The VC Long View is a regular series of posts where Seedcamp talks to our network of investors on the trends their following and the ideas they’d like to back. In this post, we talk to Scott Sage.
Scott is an early stage VC and angel investor that works with founders in Europe and is currently an EIR at Seedcamp. Previously he was a partner at Draper Esprit where he invested and worked with SaaS and internet companies including Bitbar, Campanja, Conversocial, Datahug, Lyst, MoviePilot, SportPursuit and Trustpilot. Before becoming a VC, Scott held various finance, research, BD and marketing roles at UBS, BVCA and Smarkets. Scott grew up in Texas and has been living in London for the past 10 years.
I would say that I am a first principles investor given I invest in the earlier stages of a company’s life.
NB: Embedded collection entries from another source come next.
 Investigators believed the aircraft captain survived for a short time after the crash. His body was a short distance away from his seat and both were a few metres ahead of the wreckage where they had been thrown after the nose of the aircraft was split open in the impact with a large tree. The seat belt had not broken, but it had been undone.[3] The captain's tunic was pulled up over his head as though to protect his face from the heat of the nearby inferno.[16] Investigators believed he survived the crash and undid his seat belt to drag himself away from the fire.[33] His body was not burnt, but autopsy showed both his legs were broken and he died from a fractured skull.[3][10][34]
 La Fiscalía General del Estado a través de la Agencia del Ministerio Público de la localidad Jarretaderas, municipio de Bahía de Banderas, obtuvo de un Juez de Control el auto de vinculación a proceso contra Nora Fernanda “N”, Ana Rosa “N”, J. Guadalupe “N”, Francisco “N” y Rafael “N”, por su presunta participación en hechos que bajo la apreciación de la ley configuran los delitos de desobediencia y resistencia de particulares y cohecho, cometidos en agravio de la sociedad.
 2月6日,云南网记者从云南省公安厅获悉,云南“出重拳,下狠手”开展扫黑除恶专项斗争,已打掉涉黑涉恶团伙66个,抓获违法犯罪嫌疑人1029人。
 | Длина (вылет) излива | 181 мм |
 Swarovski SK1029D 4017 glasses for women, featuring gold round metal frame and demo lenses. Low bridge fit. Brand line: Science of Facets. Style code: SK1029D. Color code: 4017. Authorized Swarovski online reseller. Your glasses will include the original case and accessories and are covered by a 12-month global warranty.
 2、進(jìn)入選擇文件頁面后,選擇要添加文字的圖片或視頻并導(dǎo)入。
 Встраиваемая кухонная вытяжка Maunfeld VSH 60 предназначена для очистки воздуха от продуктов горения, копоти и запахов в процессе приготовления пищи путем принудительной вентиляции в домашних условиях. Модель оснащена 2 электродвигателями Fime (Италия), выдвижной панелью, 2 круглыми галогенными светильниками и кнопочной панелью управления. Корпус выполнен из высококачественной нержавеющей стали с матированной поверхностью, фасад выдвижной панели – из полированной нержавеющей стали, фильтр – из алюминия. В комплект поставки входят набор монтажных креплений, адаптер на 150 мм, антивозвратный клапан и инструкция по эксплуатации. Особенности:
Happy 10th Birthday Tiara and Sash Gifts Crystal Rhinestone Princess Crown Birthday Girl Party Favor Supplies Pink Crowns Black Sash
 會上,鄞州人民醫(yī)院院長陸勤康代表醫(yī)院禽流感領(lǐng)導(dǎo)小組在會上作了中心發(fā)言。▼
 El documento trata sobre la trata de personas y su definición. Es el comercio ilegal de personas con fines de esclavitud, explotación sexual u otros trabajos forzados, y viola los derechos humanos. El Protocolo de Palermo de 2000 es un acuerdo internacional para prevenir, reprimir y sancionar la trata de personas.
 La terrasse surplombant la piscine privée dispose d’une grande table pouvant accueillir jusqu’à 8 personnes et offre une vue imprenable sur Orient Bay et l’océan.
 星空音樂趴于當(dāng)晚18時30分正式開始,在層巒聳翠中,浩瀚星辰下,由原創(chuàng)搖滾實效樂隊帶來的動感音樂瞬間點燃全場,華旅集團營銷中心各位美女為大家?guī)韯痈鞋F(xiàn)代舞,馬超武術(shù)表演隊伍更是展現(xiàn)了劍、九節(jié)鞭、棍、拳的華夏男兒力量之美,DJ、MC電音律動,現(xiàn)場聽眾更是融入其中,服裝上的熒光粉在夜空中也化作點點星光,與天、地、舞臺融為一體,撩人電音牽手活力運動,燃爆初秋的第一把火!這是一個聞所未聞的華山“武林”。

First and foremost I’m looking for founders who have built something new and unique. This means either a new technology or platform or they are creating a new market. I’m also looking for founders who are technical and who have the ability to take the company all the way. Finally, I like to get in early. On top of these guiding principles, I have to be excited about what the founders are building as this is an incredibly long-term game.
As far as sectors, I have been spending a lot of time focusing on enterprise software especially around data analytics as well as more vertical focuses like healthcare and finance. The next big battleground in saas is in financials and for the vertical focuses, you need an incredibly large home market to get going and that is why most fintech companies that have launched in the UK internationalize fairly quickly to the US or the rest of Europe.
What would you say are the top investments you have been a part of? What stood out about those investments in particular?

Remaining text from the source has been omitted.